Assembler Syntax

dgasm.py, the dgtools assember understands three types of “input”:

  1. Assembler Directives
    • Commands that target the assembler and do not necessarily lead to producing Digirule 2 ASM code in the final binary.

  2. Digirule2 Assembly commands
    • Plain Digirule2 Assembly

  3. Comments

Please note that, at the moment, the reserved keywords of both the assembler directives and assembly commands must be typed in uppercase.

Assembler Directives

Assembler directives always start with a dot. At the moment, the following directives are supported:

.EQU

Assigns an expression to a “symbol”. At the moment, the expression can only be a numeric literal. For example:

.EQU a=5

Here the symbol is a and the expression is 5.

All that the assembler does when it encounters a “symbol” is to substitute it with its “expression”.

.EQU definitions can also be used to parametrise a program and study its behaviour when it is executed with different inputs. This is demonstrated clearly in section Introducing dgtools

.DB

Sets the default value of one or more BYTE size memory location(s).

This assembler directive, along with the ability to define Labels (next section) make it possible for dgasm to understand variables and memory pointers.

.DB has two forms, the simplest being:

.DB 0

This tells the assembler to emmit a plain 0 at the current memory offset. Multiple sequential .DB directives cause sequential addresses in memory to be set to BYTE (always) values as in:

.DB 0
.DB 0b11110000
.DB 0x0F

But this can also be expressed in one single line as :

.DB 0, 0b11110000, 0x0F

The directive also understands double quoted strings and “unrolls” them to their individual character values. For example:

.DB 'ABC', 10, 13, "DEF"

This will be unrolled to the equivalent 65,66,67,10,13,68,69,70, automatically.

If a .DB is not preceded by the definition of a label, it is very difficult to address the memory it points to. To do that, continue reading on “Labels”.

Labels

Labels are defined by an identifier, terminated by a colon (:). Labels are not translated to ASM directly, but they cause the assembler to “note” the memory offset where a label was defined in a table of symbols, similar to the one established by .EQU directives (but separate).

When the assembler encounters a label as a parameter of a command, it substitutes its symbol for the memory address it points to. This is incredibly useful in two situations:

  1. Branching commands (e.g. JUMP)

  2. Memory offsets as targets to memory copy commands

The branching use case is the most straightforward, consider the following example:

start:
NOP
NOP
NOP
JUMP start

This will effectively trap the CPU into repeated cycles of NOP operations.

In this case, when the assembler first encounters start, it notes down its memory offset and when it encounters it again as the argument to JUMP it substitutes it for whatever offset it points to.

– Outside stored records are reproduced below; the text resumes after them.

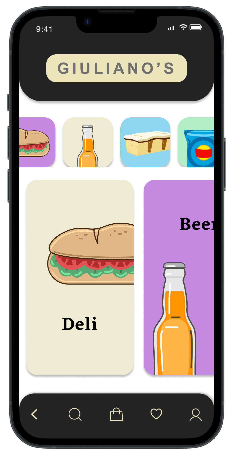 My design aligned with the existing aesthetic of the deli and its website. I believe this continuity made users familiar with the website feel at ease with the mobile app's brand. While I initially created various icons and illustrations, I found that incorporating photos from the deli's social media enriched the design. This approach effectively preserved the fresh feel of the deli within the app. Furthermore, the language chosen mirrors the local colloquial tone, adding a touch of playfulness and authenticity to capture the deli's essence.
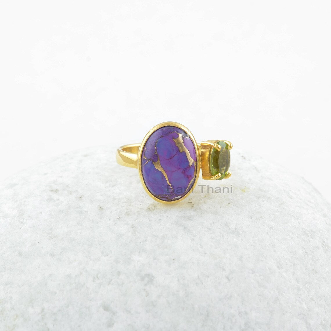 Purple Copper Turquoise Ring - Peridot Gemstone Ring - Solid 925 Sterling Silver Ring - Gift for Mom - Handmade Ring - Jewelry for Bridesmaid
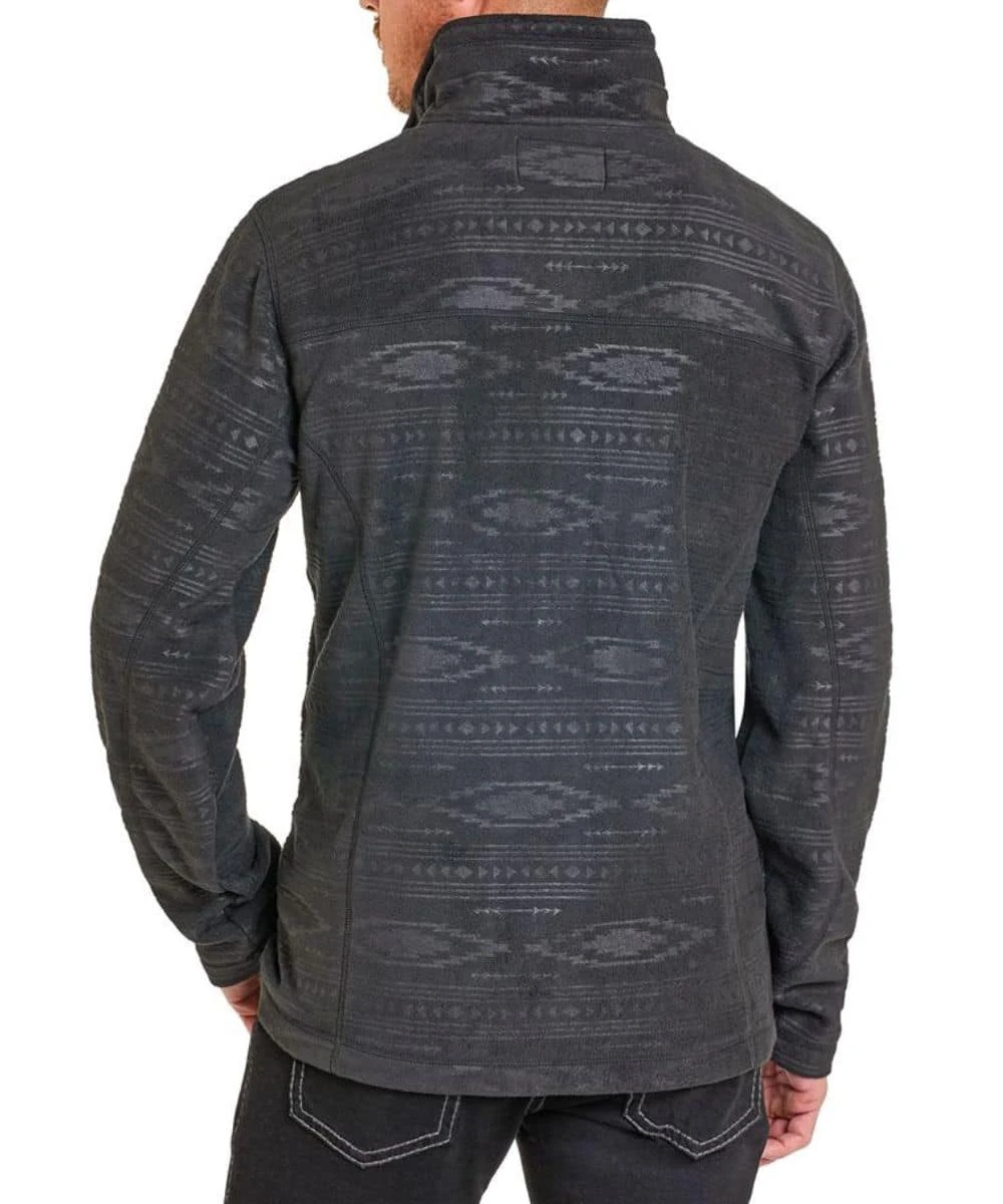 100% Polyester; Fleece Pullover; Long Sleeves; Mock Collar; 1/4 Zip Closure; Hand Pockets; Horizontal Aztec Embossed Stripes; Color: Black; Style #DM91C06184

The use of labels as targets to memory copy commands is similar but more interesting. Consider the following snippet for example:

COPYLR 1 r0
r0:
.DB 0

Here, r0 is used as a “target” for COPYLR and it will substitute r0 for the memory offset where a plain 0 has been reserved through the use of a .DB directive.

For more illustrative examples of .DB, see section Advanced Digirule 2 Programming

Digirule 2 Instruction Set

Note

The current version of dgtools supports the latest model too (Digirule 2U) but the instruction set will be adjusted to the final after its release.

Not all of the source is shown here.